Such preferential treatment is constitutionally suspect; it cannot be reconciled with several important principles incorporated in the Constitution. The Founders would not have dreamed of taking a burden that all of the States should share and allocating it to only some of them. Likewise, they would not have seen the spending of taxpayer money for the benefit of only one State to be in the general interest. Instead, the Founders understood the notion that Congress can spend funds to “provide for the common Defence and general Welfare” to mean that the spending had to be for the general or national benefit, not for purely local or regional benefit. This understanding is reflected in veto messages from Presidents from Madison to Buchanan. In fact, the relatively free-spending ways of President John Quincy Adams contributed to his defeat by Andrew Jackson in the election of 1828.
The absence of an explicit prohibition on something like the Nebraska Compromise does not mean that it does not violate the letter or spirit of the Constitution. In particular, it runs afoul of the concept of the States’ equal standing that is incorporated in the Constitution at several points. Duties, imposts, and excises are to be “uniform throughout the United States,” (Art. I, § 1, cl.1), the bankruptcy laws that Congress enacts must be “uniform . . . throughout the United States,” (Art. I, § 8, cl.4), and the ports of one State cannot be given any “preference” with respect to regulation or taxation over those of other States (Art. I, § 9, cl. 6). In addition, there are limits to the conditions that Congress can put on States when they enter the Union because they do so on an “equal footing.” Then, once part of the Union, the States enjoy an “equal sovereignty” that can be taken away only in limited circumstances. Put simply, all of the States, not just 49 of them, are in this together.

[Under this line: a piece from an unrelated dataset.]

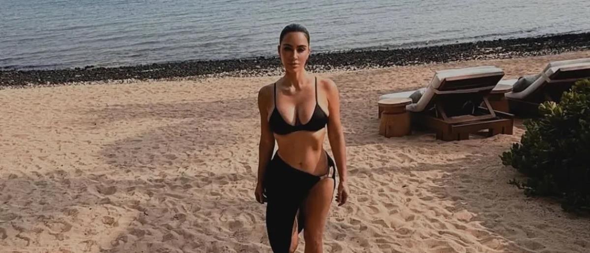 Στα νέα στιγμιότυπα που ανέβασε, η Κιμ Καρντάσιαν ποζάρει στην άμμο, με ένα μαύρο μαγιό και ίδιου χρώματος παρεό.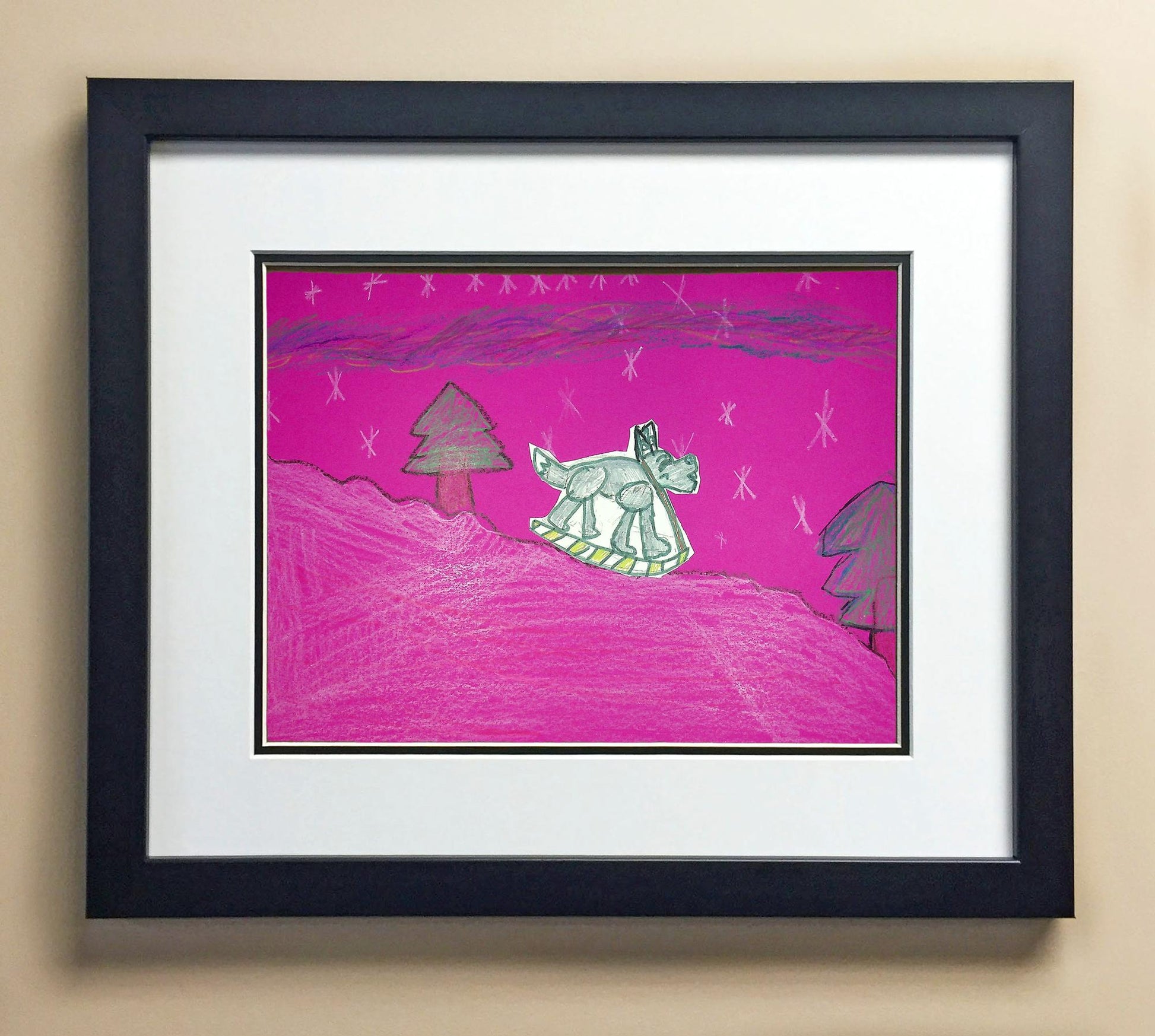 Included with the purchase is the Students Artwork, Frame, double matboard, shatter proof plexiglass, and a ready to hang backerboard with turnbuttons

We no longer think like the Founders when thinking about the ability of Congress to spend money. Moreover, the Supreme Court has chipped away at the clarity of the Uniformity and Ports Preference Clauses. Even so, there is something more than unsightly about the Nebraska Compromise, something beyond the general run of legislative logrolling and pork swapping. That something is the gnawing sense that the Attorneys General are right to question whether the Nebraska Compromise is actually unconstitutional or just violates the principles that it embodies.